14.9. stepsblender

The stepsblender package allows to visualize data recorded in HDF5 files.

14.9.1. stepsblender.load

Visualize STEPS simulations with Blender.

usage: python3 -m stepsblender.load [HDFPath] [-h] [--server server_address] ...

14.9.1.1. Positional Arguments

HDFPath: Path prefix to a STEPS HDF5 file or, if the –server option is used, this should not be provided

14.9.1.2. Named Arguments

--serverpython

Python binary used to launch the data loading server

Default: 'python3'

--blenderPath

Path to the blender executable

Default: 'blender'

--blenderArgs

Path to the blender file that should be used and / or other blender arguments in double quotes

--LinkSpecies.sampleLinkSpecies.links.obj.cast_shadows

Whether the object casts shadows. Possible values: [“ON”, “OFF”] (only for Blender >= 4.2)

--LinkSpecies.sampleLinkSpecies.links.obj.material.alpha

Alpha transparency level

--LinkSpecies.sampleLinkSpecies.links.obj.material.color

An RGBA tuple that should be supplied with quotes e.g. “(0.1, 0.5, 0.1, 1)”

--LinkSpecies.sampleLinkSpecies.links.obj.material.emission

Emission strength

--LinkSpecies.sampleLinkSpecies.links.obj.mesh.bevel_depth

Width of the link, defaults to 0.8 times the species radius

--LinkSpecies.sampleLinkSpecies.specs.obj.cast_shadows

Whether the object casts shadows. Possible values: [“ON”, “OFF”] (only for Blender >= 4.2)

--LinkSpecies.sampleLinkSpecies.specs.obj.material.alpha

Alpha transparency level

--LinkSpecies.sampleLinkSpecies.specs.obj.material.color

An RGBA tuple that should be supplied with quotes e.g. “(0.1, 0.5, 0.1, 1)”

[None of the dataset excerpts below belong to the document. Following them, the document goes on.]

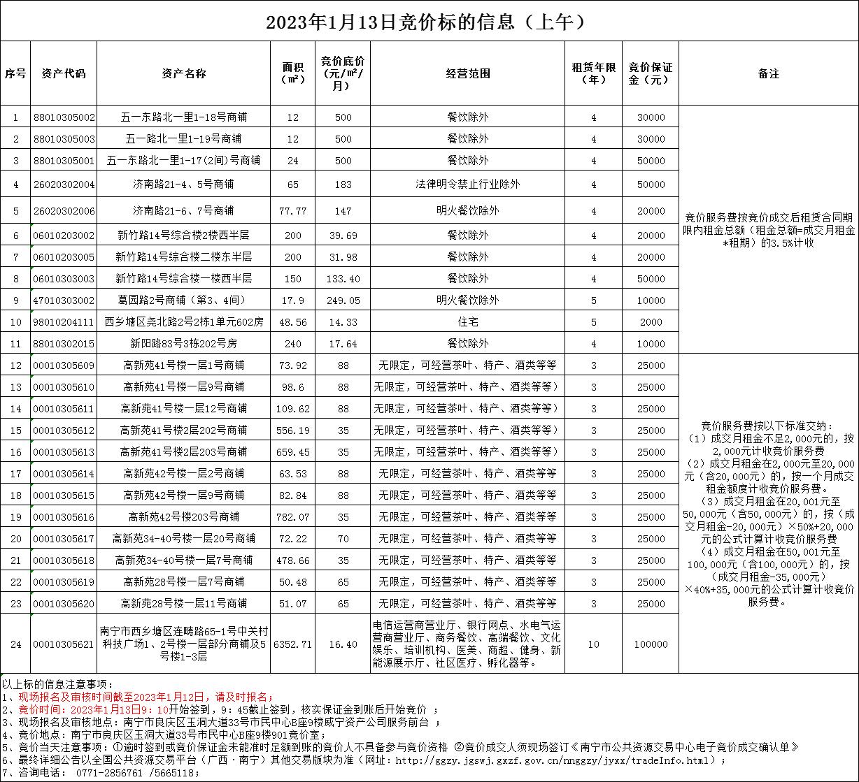 2023年1月13日竞价标的信息
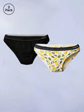 Our Onyx & Lemon Crush Pack of 2 Solid & Printed Bikini Briefs are available in sizes XS-2XL.
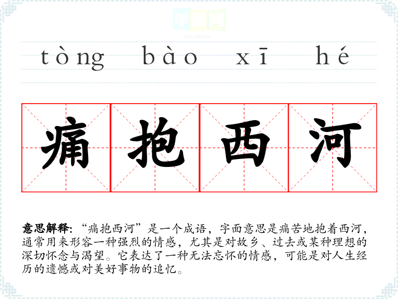 “痛抱西河”出自唐代诗人王维的诗作《送别》。在诗中,西河象征着故乡或过去的美好时光,表达了对离别和失去的痛苦与怀念。这个成语的使用背景反映了古人对故乡、亲人和美好时光的深切眷恋。

--LinkSpecies.sampleLinkSpecies.specs.obj.material.emission

Emission strength

--LinkSpecies.sampleLinkSpecies.specs.obj.mesh.radius

Radius of the sphere

--LinkSpecies.sampleLinkSpecies.specs.obj.mesh.subdivisions

Number of subdivisions

--Meshes.sampleMesh.cast_shadows

Whether the object casts shadows. Possible values: [“ON”, “OFF”] (only for Blender >= 4.2)

--Meshes.sampleMesh.material.alpha

Alpha transparency level

--Meshes.sampleMesh.material.color

An RGBA tuple that should be supplied with quotes e.g. “(0.1, 0.5, 0.1, 1)”

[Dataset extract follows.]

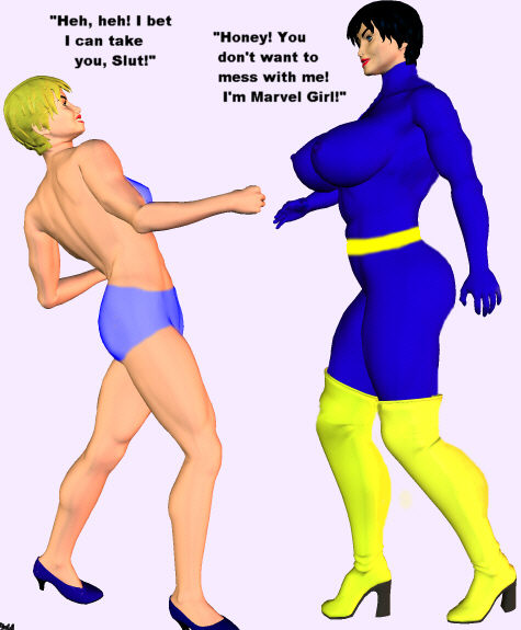 "Do you mean you want to fight me?" Marvel Girl looked at the girl in amazement, hardly able to believe her ears. This tiny blonde, looking hardly more than a teenager, wanted to fight one of the world's most powerful superheroines! This girl definitely was crazy!
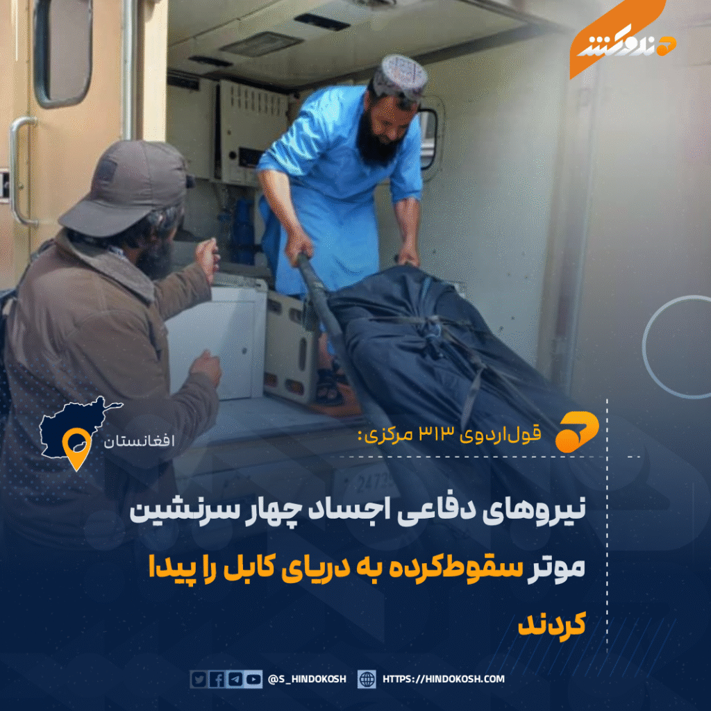 منسوبین لوای سوم قولاردوی ۳۱۳ مرکزی، اجساد چهار سرنشین یک موتر کرولا را که در مسیر شاهراه کابل-جلالآباد به دریای کابل سقوط کرده بود، از آب بیرون کشیدند.

--Meshes.sampleMesh.material.emission

Emission strength

--Meshes.sampleMesh.mesh.smooth_angle

Angle for smooth shading (in radians)

--Meshes.sampleMesh.surfaceThickness

The thickness of the mesh surface, should be greater than 0 if rafts are present on the surface

--Rafts.sampleRaft.obj.cast_shadows

Whether the object casts shadows. Possible values: [“ON”, “OFF”] (only for Blender >= 4.2)

--Rafts.sampleRaft.obj.material.alpha

Alpha transparency level

--Rafts.sampleRaft.obj.material.color

An RGBA tuple that should be supplied with quotes e.g. “(0.1, 0.5, 0.1, 1)”

--Rafts.sampleRaft.obj.material.emission

Emission strength

--Rafts.sampleRaft.obj.material.outline_color

An RGBA tuple that should be supplied with quotes e.g. “(0.1, 0.5, 0.1, 1)”

--Rafts.sampleRaft.obj.material.outline_frac

Fraction of the raft radius that defines the raft border

--Rafts.sampleRaft.obj.mesh.subdivisions

Number of subdivisions

--Species.sampleSpecies.obj.cast_shadows

Whether the object casts shadows. Possible values: [“ON”, “OFF”] (only for Blender >= 4.2)

--Species.sampleSpecies.obj.material.alpha

Alpha transparency level

--Species.sampleSpecies.obj.material.color

An RGBA tuple that should be supplied with quotes e.g. “(0.1, 0.5, 0.1, 1)”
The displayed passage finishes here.